**About this task**
Set down every entry exactly as it stands, omitting any picture.

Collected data
Start of Block

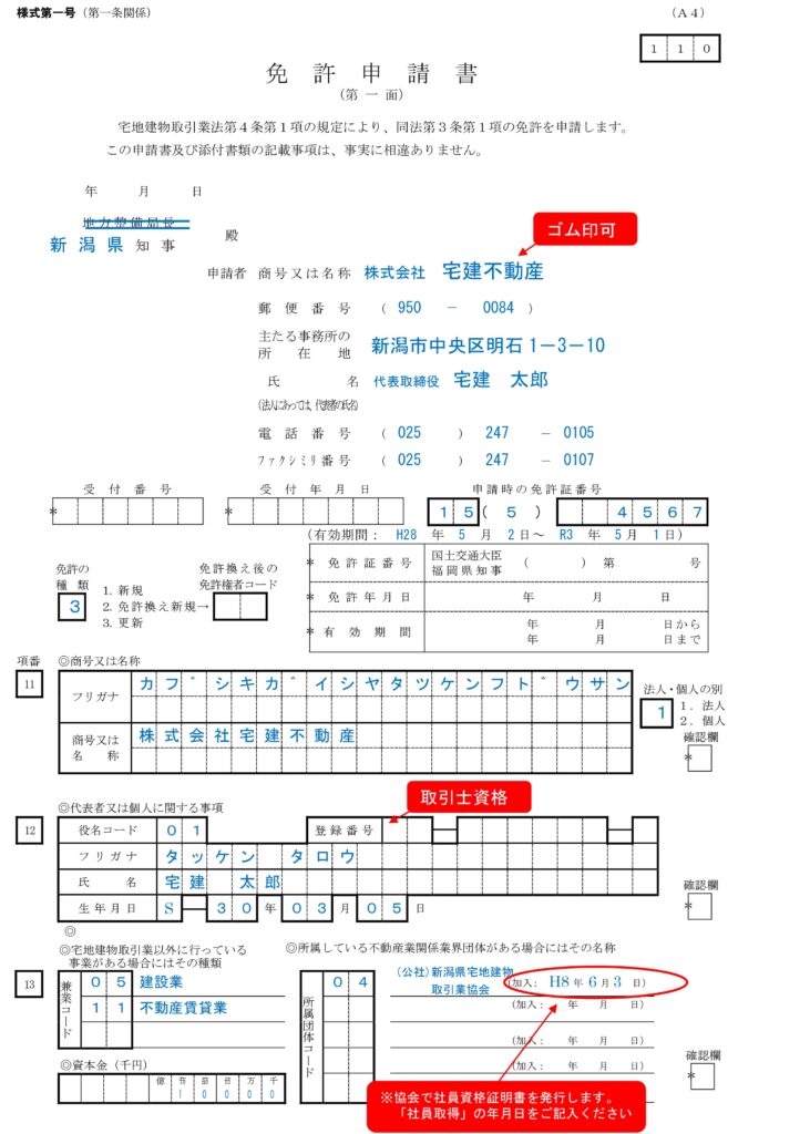 • 宅建業免許申請書:事業内容、事務所の概要、役員の情報などを詳細に記載します。
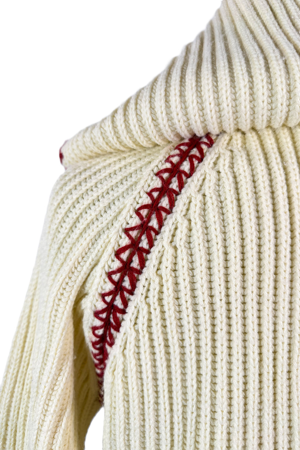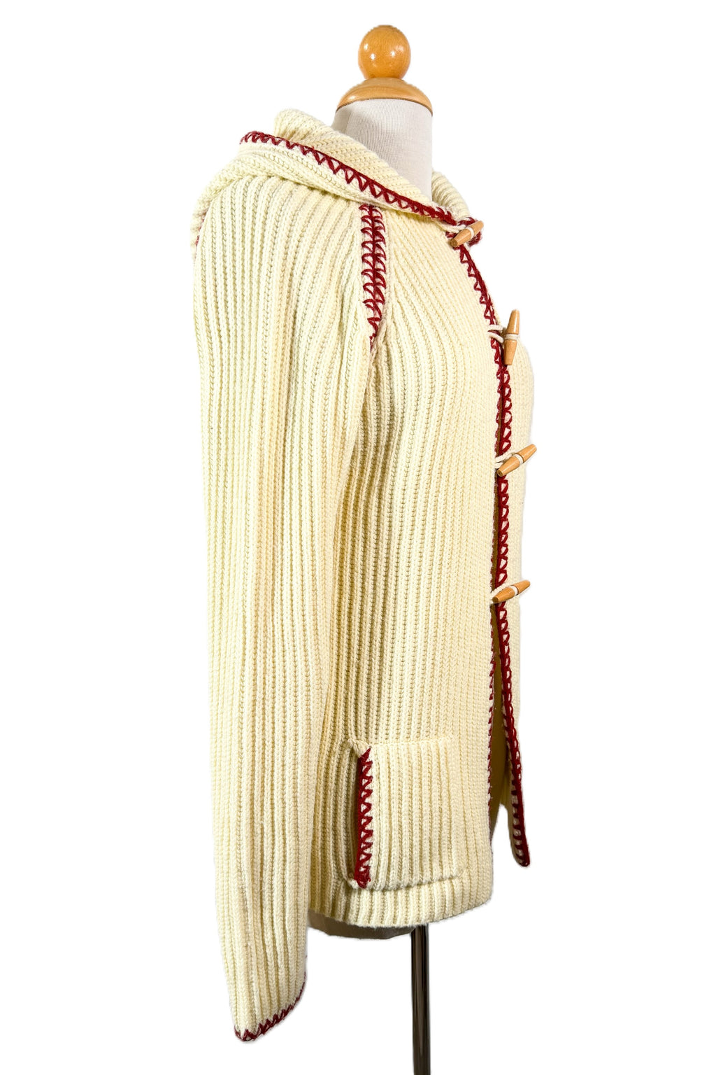 70s off white/cream ribbed cardigan sweater with a hood and wood toggle buttons.
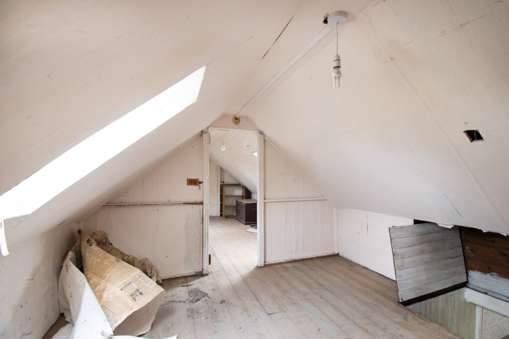 Generously proportioned attic currently divided into two rooms.
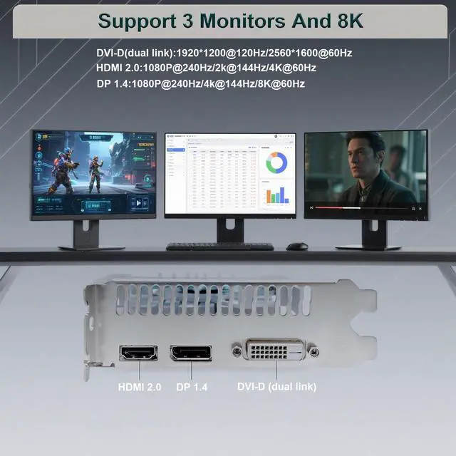 Triple Display Ready (HDMI+DP+DVI):Connect up to 3 monitors simultaneously with HDMI 2.0, DisplayPort 1.4, and DVI-D ports.
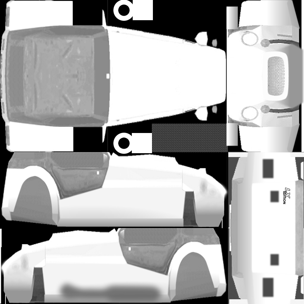 The LFS Vehicle editor provides options to create skin templates. A template helps you create skins for a vehicle by giving you the outlines of the vehicle's shape, within which you can draw the livery that will be drawn onto the vehicle.
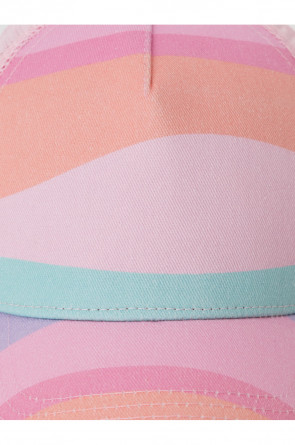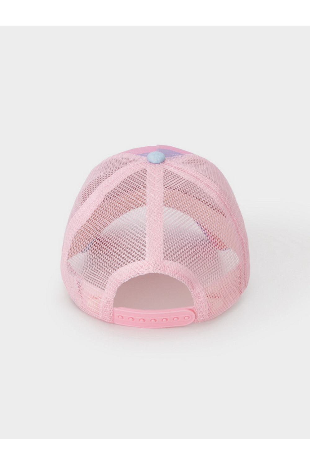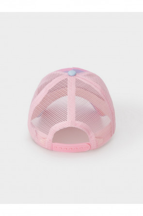 Кепка для девочки из текстиля и сетки. Оригинальная набивка выполнена из стойких гипоаллергенных текстильных красителей. Регулируется по ширине головы и фиксируется на затылке с помощью пластиковой застёжки.
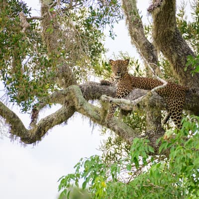 Les prairies pelessa constituent l'habitat de chasse privilégié des léopards. Ces espaces ouverts facilitent l'observation depuis les véhicules de safari. Les léopards utilisent également les arbres pour se reposer et surveiller leur territoire, offrant des opportunités photographiques exceptionnelles.
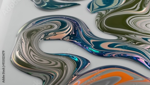 Abstract Swirls of Silver, Teal, Green, and Orange Paint

End of Block

**Answer to this problem**
 • 宅建業免許申請書:事業内容、事務所の概要、役員の情報などを詳細に記載します。
 70s off white/cream ribbed cardigan sweater with a hood and wood toggle buttons.
 Generously proportioned attic currently divided into two rooms.
 Triple Display Ready (HDMI+DP+DVI):Connect up to 3 monitors simultaneously with HDMI 2.0, DisplayPort 1.4, and DVI-D ports.
 The LFS Vehicle editor provides options to create skin templates. A template helps you create skins for a vehicle by giving you the outlines of the vehicle's shape, within which you can draw the livery that will be drawn onto the vehicle.
 Кепка для девочки из текстиля и сетки. Оригинальная набивка выполнена из стойких гипоаллергенных текстильных красителей. Регулируется по ширине головы и фиксируется на затылке с помощью пластиковой застёжки.
 Les prairies pelessa constituent l'habitat de chasse privilégié des léopards. Ces espaces ouverts facilitent l'observation depuis les véhicules de safari. Les léopards utilisent également les arbres pour se reposer et surveiller leur territoire, offrant des opportunités photographiques exceptionnelles.
 Abstract Swirls of Silver, Teal, Green, and Orange Paint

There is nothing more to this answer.